Despite not being a more generally desirable flyer-style GMT, the caliber is known to be reliable and easy to use. After unscrewing the crown, pulling it out to the first position allows you to change the date and move the GMT hand. Pulling the crown out to the second position lets you adjust the time. The movement offers an accuracy of ±20 seconds per day, which is not spectacular. However, after three months of owning the C65 Dune GMT, I can say that the same movement in my watch is well within those margins. A check showed that the 36mm model ran slightly fast when we had them but always within a five-second margin.
Wearing the two Christopher Ward C63 Sealander GMT models
So, how do the C63 Sealander GMT’s visual proportions affect the wearing experience? A 39mm case would normally be my go-to size out of the two. However, with my preference for the proportions of the 36mm model, I was curious to find out more. At first glance, the larger model seems to fit my 19cm wrist better. But that didn’t mean the 36mm one was too small. It might be a bit too small on the straps, but the bracelet adds to the overall presence, so it fits my wrist nicely.
Thomas, who has a 17.5cm wrist, also tried out both watches, and the smaller one did seem more at home on his wrist. That’s why I initially wore the 39mm version more. However, as soon as I started changing things up, I felt the 36mm version also suited my wrist well. It might seem a tad small for someone looking at my wrist, but I quickly fell in love with the look of the smaller version.
A matter of personal preference
For Thomas, the choice was easy. He has the smaller wrist of the two of us, and the 36mm model looked right at home on his wrist, whereas the 39mm version looked too big in comparison. While a 39mm watch is far from too large on Thomas’s wrist, the visual proportions of this one make it seem bigger, especially with a crisp white dial. The light color seems to magnify the effect of the dial size.
That might also be why the 36mm version didn’t feel too small on my wrist. It has a presence that demands attention. In the end, the combination of the visual proportions and the great fit on my wrist made me wear the 36mm C63 Sealander GMT more than its larger brother. What both models have in common is that they are super comfortable watches with nicely sculpted cases and plenty of allure. The finish of both watches is predominately brushed, but the polished chamfers on the case and the bezel bring exactly the right amount of visual zing to these two timepieces.
Final thoughts on the Christopher Ward C63 Sealander GMT models
Overall, I was super impressed by the two C63 Sealander GMT models. Regardless of your size preference, both watches have a lot to offer. They make perfect, stylish daily wearers that stand out because of their incredible quality and great attention to detail. The design, the build quality, the finishing, and the great comfort are hard to beat at this price point. The 36mm version is available for €1,350, and the 39mm version is slightly more expensive at €1,365 on the Bader bracelet. But you can also buy a C63 Sealander GMT for €1,165 on one of the available strap options.

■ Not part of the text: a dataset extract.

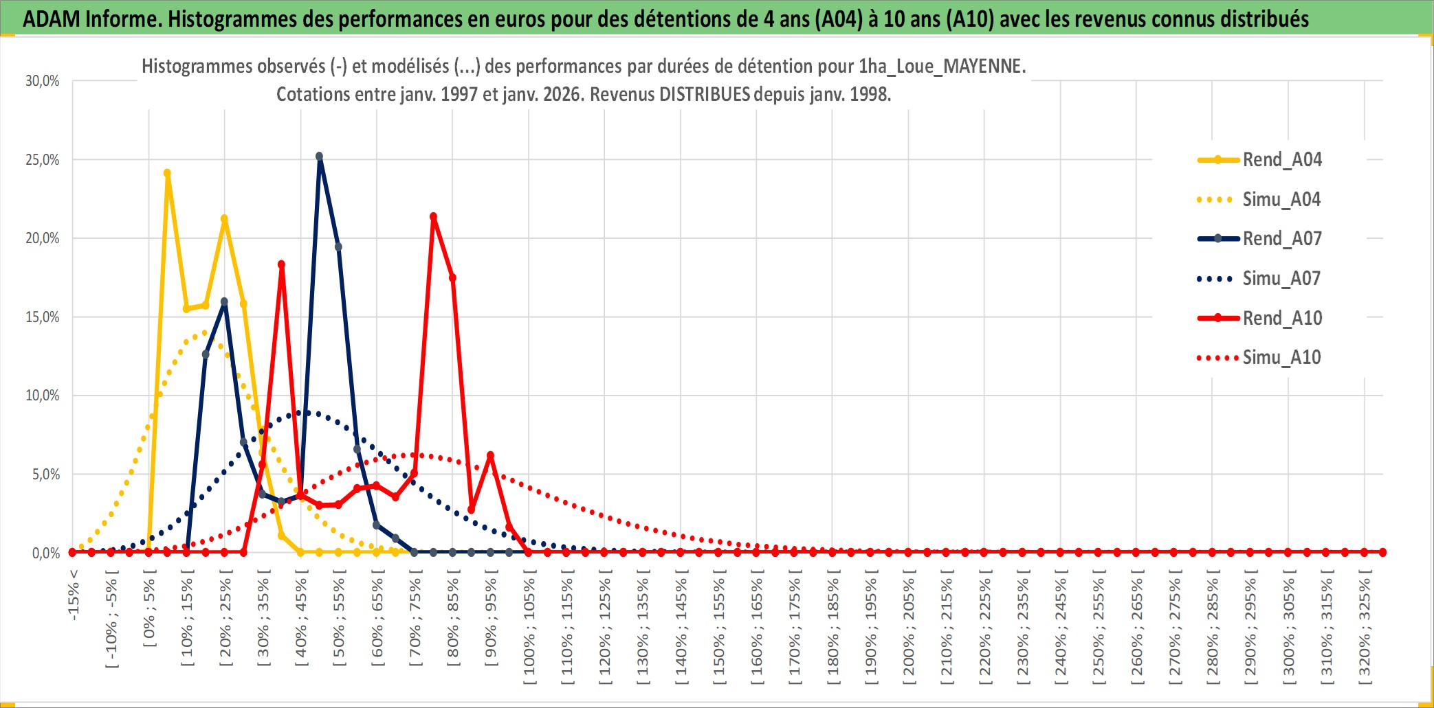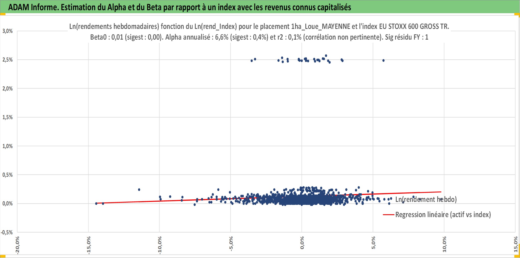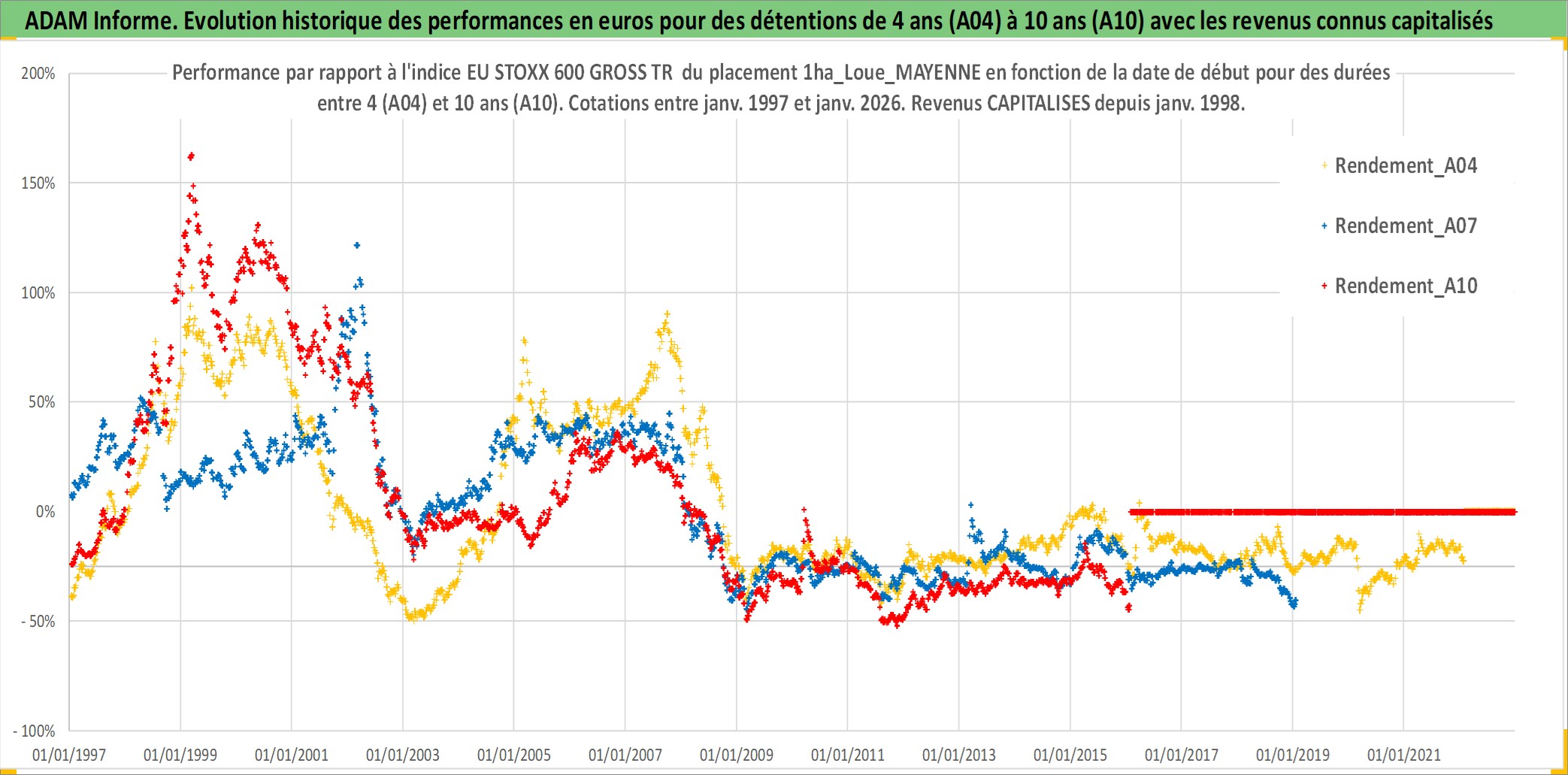 Site dédié aux investisseursPage dédiée sur site financeAnalyse des valorisations hebdomadaires de l'actif 1ha_Loue_MAYENNE. Cet actif est cote en EUR. Les valorisations couvrent les semaines 1997W01 a 2026W05. Les fermages de ce bien foncier sont pris egaux a 2,5% annuels de la valeur venale du bien.
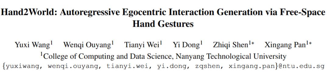 [1] Wang et al., "Hand2World: Autoregressive Egocentric Interaction Generation via Free-Space Hand Gestures," arXiv:2602.09600, 2026.

After spending two weeks with both watches, I completely understand what makes the C63 Sealander GMT popular in the Christopher Ward collection. While I have grown to love the smaller 36mm version, it doesn’t mean it’s the better watch. I do think the overall proportions are better on the smaller version of the two. But even that is subject to personal preference. It would be best to choose a watch you like; in that process, there is no objective right or wrong with these two watches. Besides how well made they are (which is not exactly news), I learned how much I’ve grown to love a 36mm white-dial GMT. Had you told me that would happen before this hands-on experience, I would have smiled without believing it. Now, though, it is on my list of future wants.